Stored items:

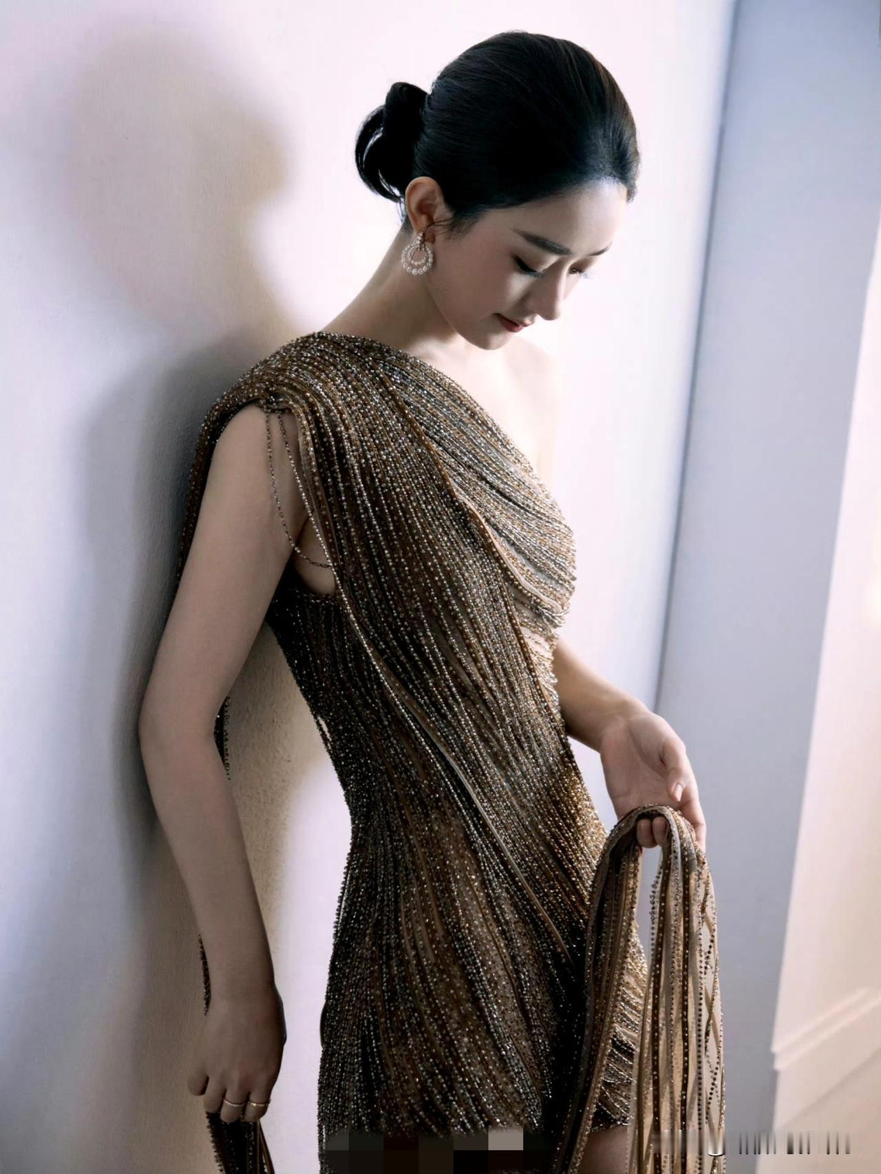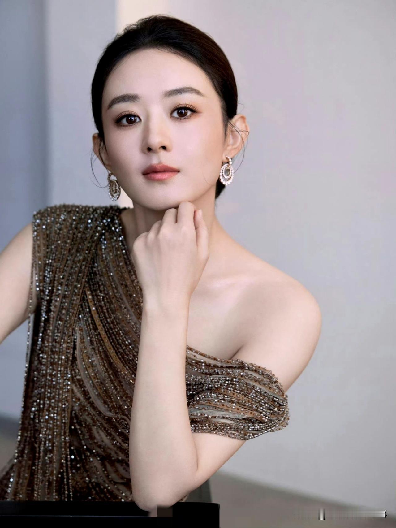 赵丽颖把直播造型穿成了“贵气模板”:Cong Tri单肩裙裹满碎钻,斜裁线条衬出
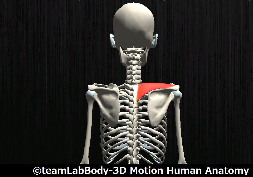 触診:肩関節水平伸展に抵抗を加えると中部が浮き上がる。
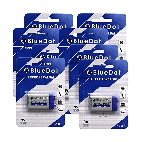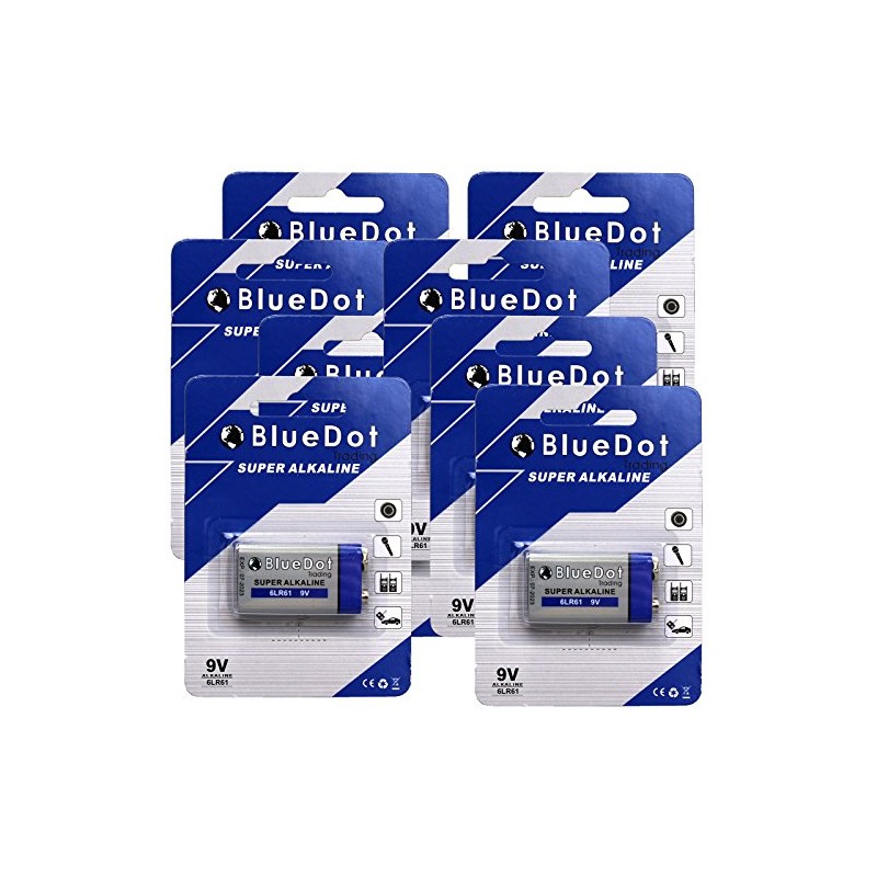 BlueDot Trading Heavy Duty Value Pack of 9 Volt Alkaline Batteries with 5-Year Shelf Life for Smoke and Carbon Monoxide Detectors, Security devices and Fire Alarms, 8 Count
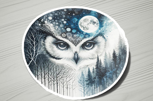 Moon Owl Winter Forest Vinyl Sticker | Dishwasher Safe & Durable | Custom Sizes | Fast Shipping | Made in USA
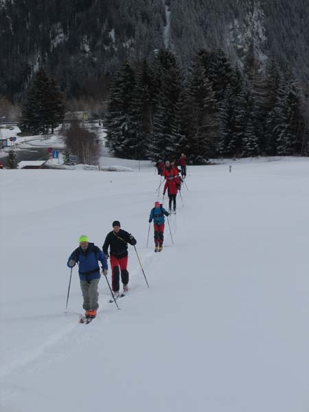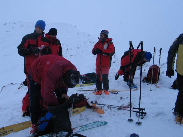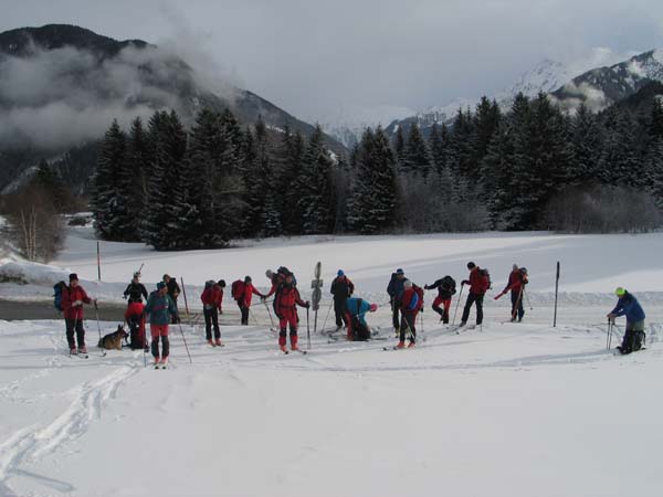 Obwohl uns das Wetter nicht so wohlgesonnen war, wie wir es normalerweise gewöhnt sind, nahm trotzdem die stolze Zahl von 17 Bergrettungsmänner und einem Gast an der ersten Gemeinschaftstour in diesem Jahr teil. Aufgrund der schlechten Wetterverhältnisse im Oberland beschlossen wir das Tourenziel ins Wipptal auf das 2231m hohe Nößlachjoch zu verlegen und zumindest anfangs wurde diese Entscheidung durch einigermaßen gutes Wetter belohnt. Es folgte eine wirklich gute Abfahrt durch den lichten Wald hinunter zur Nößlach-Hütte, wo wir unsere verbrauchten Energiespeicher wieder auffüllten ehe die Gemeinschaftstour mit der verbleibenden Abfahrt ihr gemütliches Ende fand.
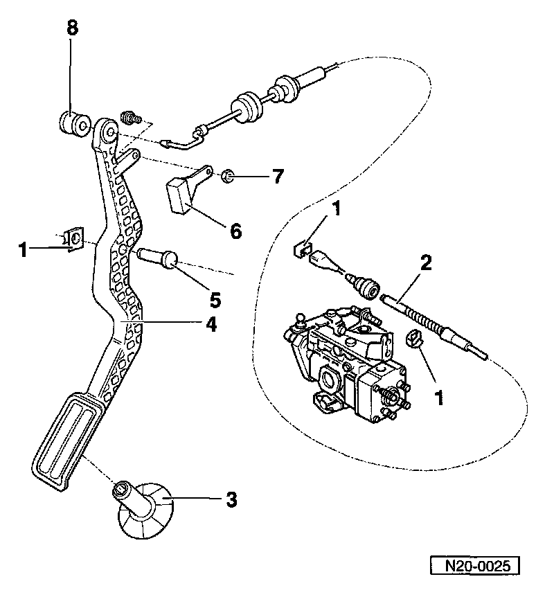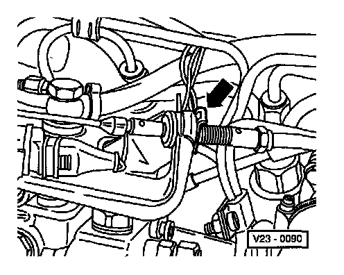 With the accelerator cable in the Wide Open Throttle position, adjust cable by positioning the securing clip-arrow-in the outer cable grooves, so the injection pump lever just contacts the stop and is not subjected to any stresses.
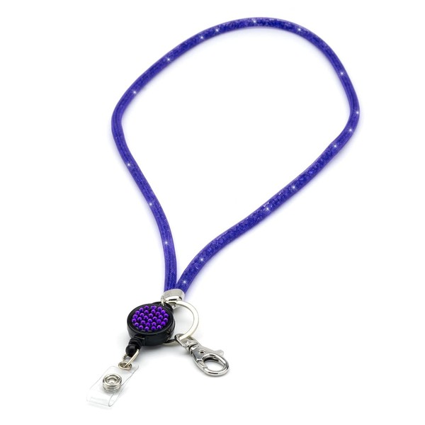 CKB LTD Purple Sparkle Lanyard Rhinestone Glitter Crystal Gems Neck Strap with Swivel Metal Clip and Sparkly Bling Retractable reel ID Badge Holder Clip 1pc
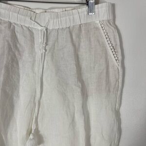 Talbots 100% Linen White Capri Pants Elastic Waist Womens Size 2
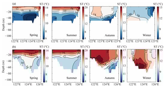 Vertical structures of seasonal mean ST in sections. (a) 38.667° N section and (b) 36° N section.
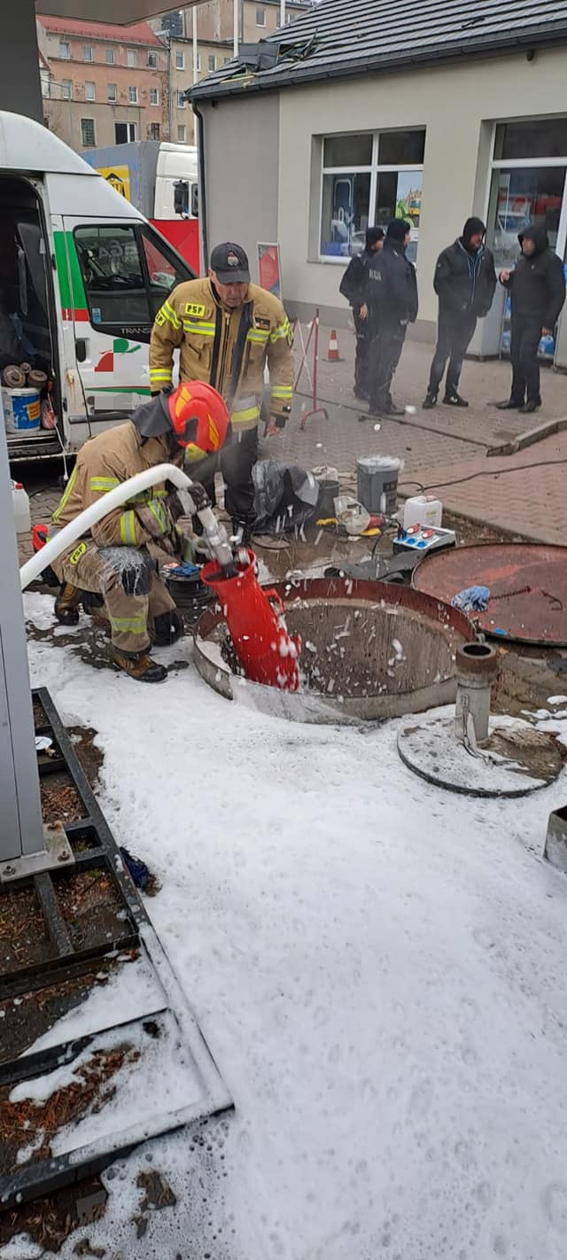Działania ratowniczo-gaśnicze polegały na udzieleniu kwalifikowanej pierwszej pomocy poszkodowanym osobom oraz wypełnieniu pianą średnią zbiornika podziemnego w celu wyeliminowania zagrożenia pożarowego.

- _About this task_
Type out the entries again without a single change, and leave the pictures out.

- _Task solution_
 赵丽颖把直播造型穿成了“贵气模板”:Cong Tri单肩裙裹满碎钻,斜裁线条衬出
 触診:肩関節水平伸展に抵抗を加えると中部が浮き上がる。
 BlueDot Trading Heavy Duty Value Pack of 9 Volt Alkaline Batteries with 5-Year Shelf Life for Smoke and Carbon Monoxide Detectors, Security devices and Fire Alarms, 8 Count
 Moon Owl Winter Forest Vinyl Sticker | Dishwasher Safe & Durable | Custom Sizes | Fast Shipping | Made in USA
 Obwohl uns das Wetter nicht so wohlgesonnen war, wie wir es normalerweise gewöhnt sind, nahm trotzdem die stolze Zahl von 17 Bergrettungsmänner und einem Gast an der ersten Gemeinschaftstour in diesem Jahr teil. Aufgrund der schlechten Wetterverhältnisse im Oberland beschlossen wir das Tourenziel ins Wipptal auf das 2231m hohe Nößlachjoch zu verlegen und zumindest anfangs wurde diese Entscheidung durch einigermaßen gutes Wetter belohnt. Es folgte eine wirklich gute Abfahrt durch den lichten Wald hinunter zur Nößlach-Hütte, wo wir unsere verbrauchten Energiespeicher wieder auffüllten ehe die Gemeinschaftstour mit der verbleibenden Abfahrt ihr gemütliches Ende fand.
 With the accelerator cable in the Wide Open Throttle position, adjust cable by positioning the securing clip-arrow-in the outer cable grooves, so the injection pump lever just contacts the stop and is not subjected to any stresses.
 CKB LTD Purple Sparkle Lanyard Rhinestone Glitter Crystal Gems Neck Strap with Swivel Metal Clip and Sparkly Bling Retractable reel ID Badge Holder Clip 1pc
 Talbots 100% Linen White Capri Pants Elastic Waist Womens Size 2
 Vertical structures of seasonal mean ST in sections. (a) 38.667° N section and (b) 36° N section.
Działania ratowniczo-gaśnicze polegały na udzieleniu kwalifikowanej pierwszej pomocy poszkodowanym osobom oraz wypełnieniu pianą średnią zbiornika podziemnego w celu wyeliminowania zagrożenia pożarowego.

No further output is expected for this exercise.